Il dottor Kruger è uno studioso del suicidio. Psichiatra, benestante, vuole creare una struttura dove chi lo desidera, e dopo gli opportuni controlli, può darsi la morte in modo pulito, sereno, con assistenza medica, realizzando addirittura l’ultimo desiderio. Al momento deciso si dovrà bere un preparato che nel giro di tre minuti, e senza possibilità di cambiare idea, darà la morte. I candidati devono mandare un video in cui spiegano le loro motivazioni. Sarà Kruger a scegliere. E’ così che nella lussuosa villa adibita a clinica cominciano ad arrivare un famoso comico con un cancro, una bella ragazza che soffoca se ogni ora non si fa una iniezione, un uomo che si è giocato vita e affetti al gioco d’azzardo, un ragazzo che tenta di suicidarsi da quando ha 7 anni, un obeso rapper, un vecchio cabarettista e altri ancora. Una miscela esplosiva di personalità nichiliste, che tuttavia Kruger riesce a gestire. Fino alla notte in cui scoppia un incendio.
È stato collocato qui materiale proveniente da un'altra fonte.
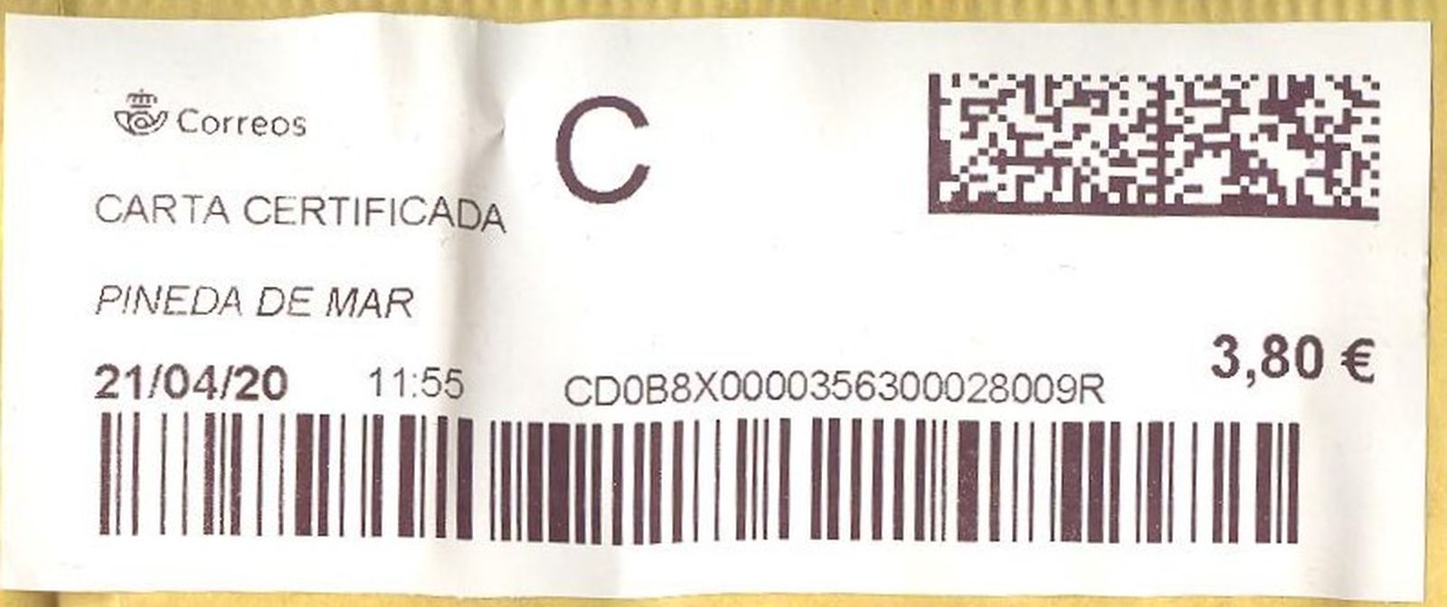 Etiqueta térmica digital. Nuevo Correos. Pineda de Mar. Carta certificada. 2020-04-21. 11.55. 4,1x10. 3,80 euros. Baja.jpg

Olias Barco ha diretto il suo primo cortometraggio a 21 anni, nel 1992. Con “Poubelles” nel 1994 ha vinto il premio Rail d’Or alla Settimana della critica al Festival di Cannes e nel 2002 ha diretto il suo primo lungometraggio, “Snowborder”. Questo “Kill me please” è un ritorno fulminante. Girato in uno splendido bianco e nero, con una fotografia che alterna lampi di luce a momenti quasi sfocati, perfetta per sottolineare gli stati emotivi dei personaggi, (fatte le dovute proporzioni) il film ha momenti di comicità pura che ondeggiano tra Mel Brooks e Jim Jarmusch. Una tela di “serietà” e di riflessioni “scientifiche” sulla quale con poche e mirate pennellate il regista disegna follie, strappi, fughe. Su tutto, la morte, che fa sempre di testa sua. (Sa.Sa.)